Tournament information
- Dates: 11–19 November 2023
- Venue: Aldersley Leisure Village
- Location: Wolverhampton, England
- Organisation(s): Professional Darts Corporation (PDC)
- Format: Legs
- Prize fund: £650,000
- Winner's share: £150,000
- Nine-dart finish: Ryan Searle
- High checkout: 170; Krzysztof Ratajski; Luke Humphries; Rob Cross;

Champion(s)
- Luke Humphries

= 2023 Grand Slam of Darts =

The 2023 Grand Slam of Darts (known for sponsorship reasons as the Mr Vegas Grand Slam of Darts) was the seventeenth staging of the Grand Slam of Darts, organised by the Professional Darts Corporation. The event took place at the Aldersley Leisure Village, Wolverhampton, 11–19 November 2023.

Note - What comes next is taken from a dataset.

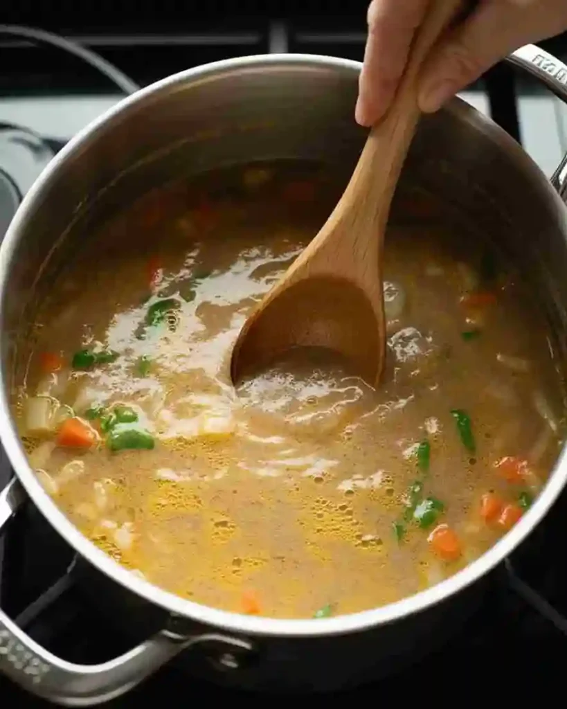 - Pour in bone broth and bring to a simmer.
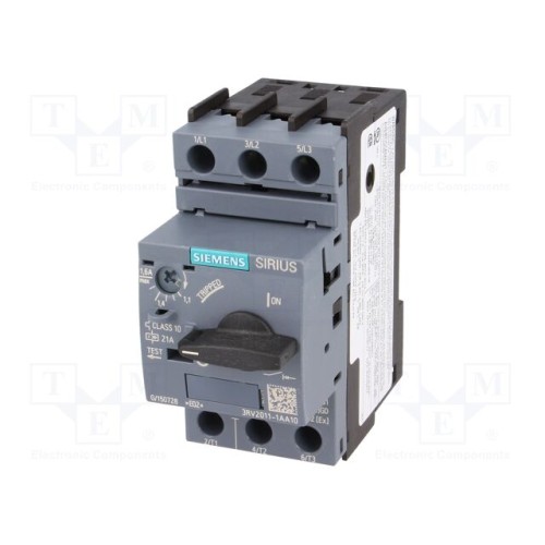 SIEMENS 3RV2011-1AA10 | Вимикач двигуна; 0,55кВт; 220÷690ВAC; на шину DIN; Розмір: S00

Michael Smith was the defending champion, after defeating Nathan Aspinall 16–5 in the 2022 final, however, he was eliminated during the group stage. Luke Humphries won his second major and first Grand Slam title by defeating Rob Cross 16–8 in the final. Humphries won every match he played in the tournament, hitting six 100+ averages in the process.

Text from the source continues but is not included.